# ummm help



## 08op (Mar 14, 2010)

ok i think i've talked the wifey into gettin a fp setup, but not getting a huge budget.i think i'll have about $1,000, maybe a lil less or more. question is would the epson705hd deal from visual apex be a good choice. why is because i have a board setup with about 100" size where screen would go now and looks to be good size, i sit 13' from this. ceiling is 7'6" pj would be about 7" off ceiling height, screen bottom would be 29" off floor and 14" from ceiling. does this sound right,or atleast close enough??? i dont know if thats to close for 720p res or would be good. please help me so when i get the moneys and the ok to get it i can order before the wife changes her mind, hahaha. thanks.


----------



## fitzwaddle (Aug 25, 2010)

If you can do $200 above your $1000 budget, you can get a much better projector, the Epson 8350, which is a native 1080p projector. Just paint the screen on the wall if budget challenged, or use a sheet of WilsonArt Designer White laminate, available special order from Home Depot for around a hundred bucks.


----------



## mechman (Feb 8, 2007)

fitzwaddle offers up some good advice. :T

Here are some things that I see. Using the 750HD and a 100" screen will give you limited mounting options. The pj has to be mounted from 9'6" to 11'5", meaning that it will be mounted in front of your seating area. Most folks prefer it to be behind or right above their seating. 

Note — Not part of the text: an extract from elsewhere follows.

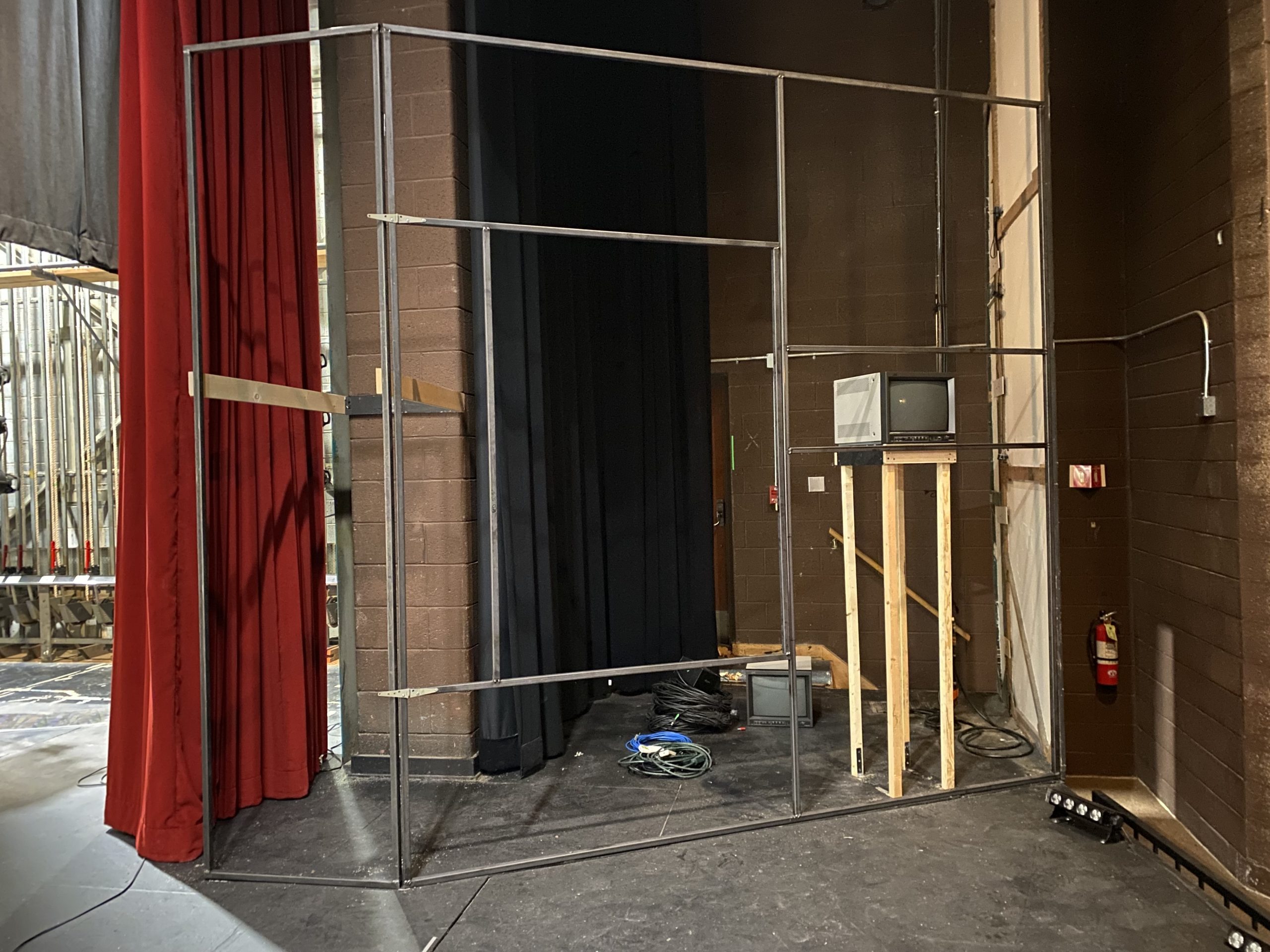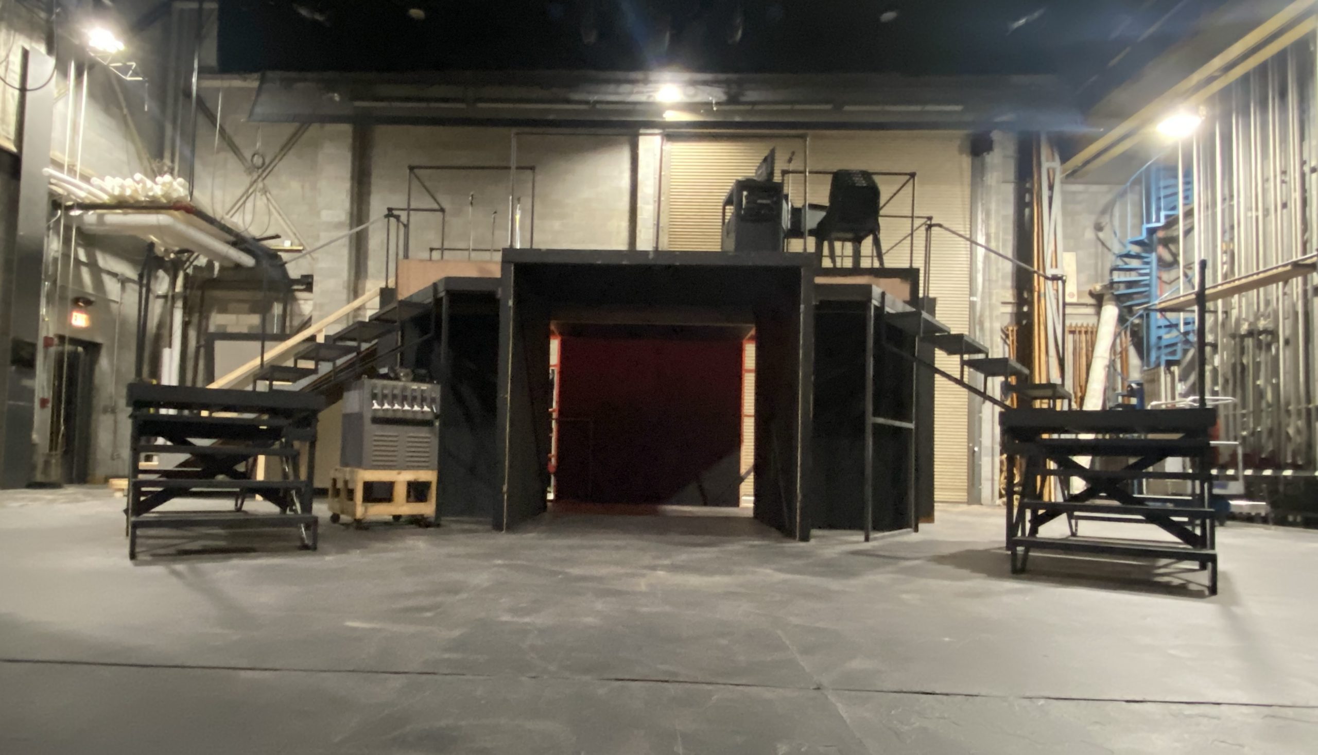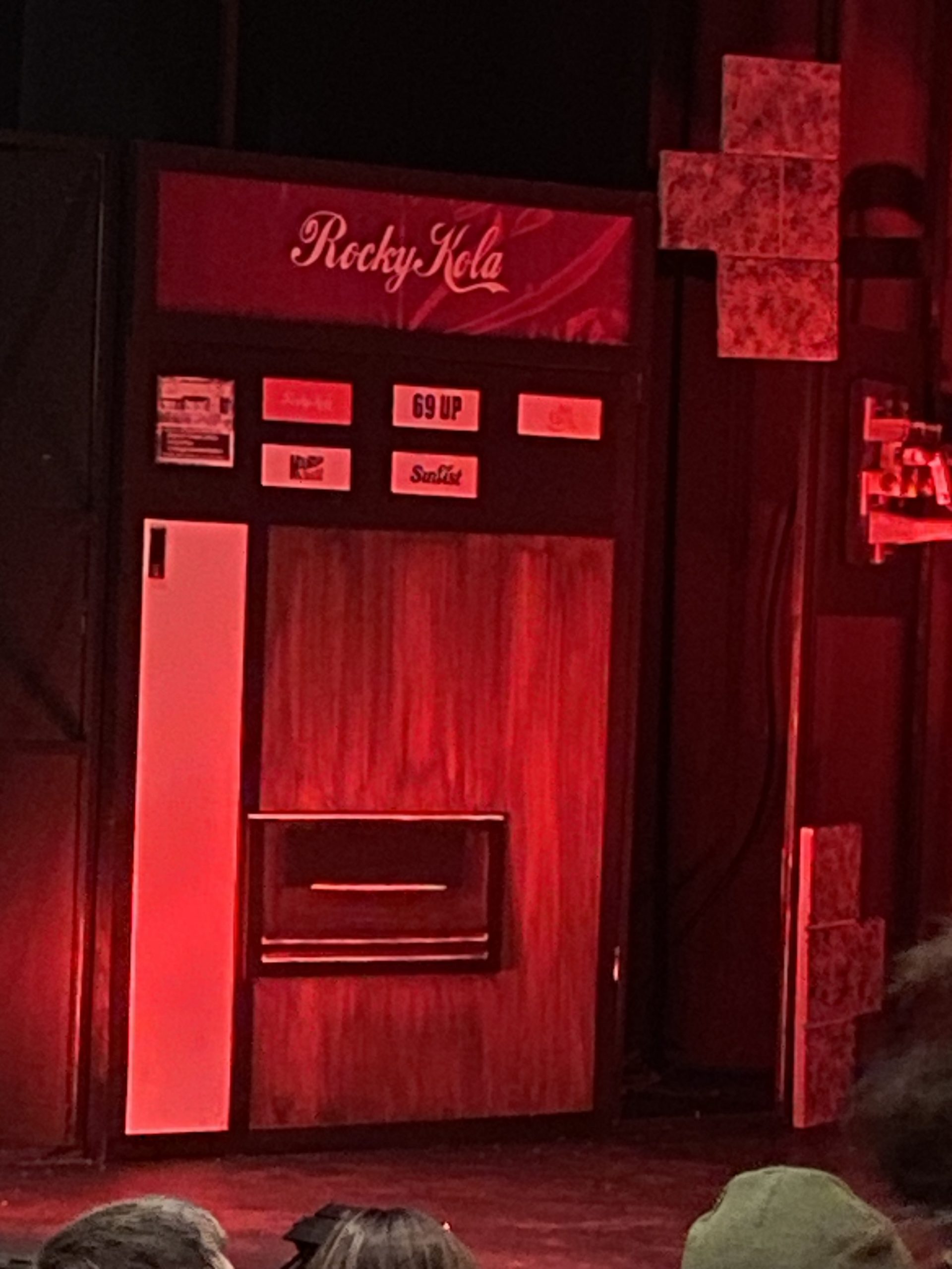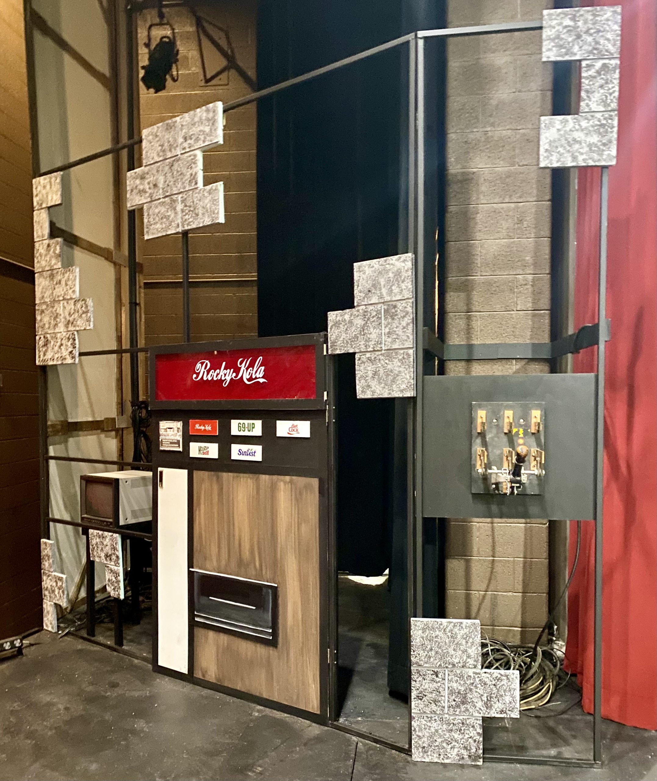 Under the Technical Director, I collaborated with scenic technicians and supervised construction students to create scenic elements including: construction of carrier walls and installation of platforms; cutting, welding, and installation of steel elements; painting and installation of foam bricks; installation of scenic elements. I did not design or build the “Rocky Cola” door, but was tasked with painting the facing and am very proud with how it turned out.

Another issue will be eye strain. There will be 37fL at the screen using your numbers which is 2.5 times what is recommended. Overly bright images cause eye fatigue. Even using a low gain screen you will still be double the recommended foot lamberts.

If you absolutely have to stay below the $1000 mark there are some other options for you. You can get a Sanyo PLV-Z700 for $919. That projector will give you 13fL (which is a bit close to the low end) and 1080p. There's also the Optoma HD20 for $919 as well. This projector has 25fL. But after calibrating your white and black levels, it should be down to a more manageable level. I believe Art measured this Optoma at something like 40% less than the published lumens. So taking that into consideration, you very well could be right around 15fL.

Do you want to stay at 720p when there are 1080p options available in your range?

Are you going to buy a screen with the $1000 as well? If so, you'll probably have to go the 720p route and get one of Visual Apex's Vapex screens or an Elite.


----------



## 08op (Mar 14, 2010)

thanks for the replies, didnt relize with the 705 it would be so far forward and i havent gotten into fl in research yet, obviously this is my first pj setup. i would like to go 1080 so i dont regret going only with 720, but i thought with my small budget that a package deal would be a good route to go. 
not set on a price yet cause this will be bought with tax money and dont know what were getting yet just want to get opoions so i get a good setup and not throw my money away on junk. so maybe i'll sweet talk the wife into a lil more money for it and go 1080(8350,plv-z700?)and do a boc screen and monoprice for mount and cable. 
ok off to read some more info, thanks guys.:help:


----------



## mechman (Feb 8, 2007)

If you can paint the wall the Home Theater Shack's diy Screen Forum is the best on the internet. :T


----------



## 08op (Mar 14, 2010)

got ok from the boss to get one just need to see what uncle sams giving back. how are the screens from VA, the vapex screens? i would do a painted one but i am not allowed near a roller so not a good plan, and my screen will go near stairs so it needs to be somewhat movable. thinkin a hd20 package deal if screens are decent.


----------



## mechman (Feb 8, 2007)

08op said:


> how are the screens from VA, the vapex screens?.


I would guess that they are ok. You don't need to spend a lot of money to get a decent screen.


----------